The Dongfeng-17 (DF-17) is a Chinese solid-fueled road-mobile medium-range ballistic missile.
It mounts the DF-ZF Hypersonic Glide Vehicle.
The DF-17 along with the DF-ZF, was officially unveiled at the National Day military parade on October 1st 2019, making this China’s first operational hypersonic weapon systems and one of the world’s first to be put in full initial operation.
China has invested significant resources in the DF-17 and its other hypersonic weapon programs. The People’s Liberation Army (PLA) has reportedly done so to counter adversary missile defenses.
Its aim was also to develop a fast, long-range, high-precision strike capability that “leaves enemies with little time to react.”
While slower than a conventional ballistic reentry vehicle, HGVs’ higher maneuverability and lower-altitude flight make them harder to track and predict their flight path, challenging legacy ballistic missile defense systems.

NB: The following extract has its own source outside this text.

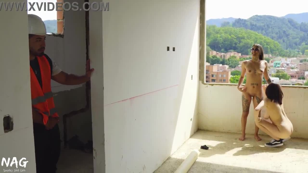 on the rooftop, hot lesbian girls have amazing sex with dildos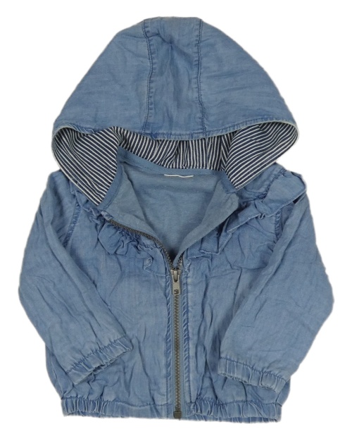 Modrá rifľová jesenná bunda s volánikmi a kapucňou Next

China’s 10th Research Institute is responsible for developing the DF-17 and other Chinese HGVs. Also known as the “Near Space Flight Vehicle Research Institute,” the organization operates under the China Aerospace Science Industry Corporation (CASIC) 1st Academy.
U.S. officials confirmed the DF-17’s existence in 2014, identifying it as the Wu-14.
News media later identified the missile as the DF-ZF – likely an early Chinese designation.
Between January 2014 and November 2017, China conducted at least nine flight tests of the DF-17. Tests took place at the Taiyuan Satellite Launch Centre in Shanxi Province.
The DF-17 is solid-fueled, measures around 11 m in length, and weighs around 15,000 kg.
The DF-17’s booster appears to be the same as that used for China’s DF-16 ballistic missile. Its accompanying DF-ZF HGV reportedly reaches speeds of Mach 5-10 (1.72-3.43 km/s) in its glide phase.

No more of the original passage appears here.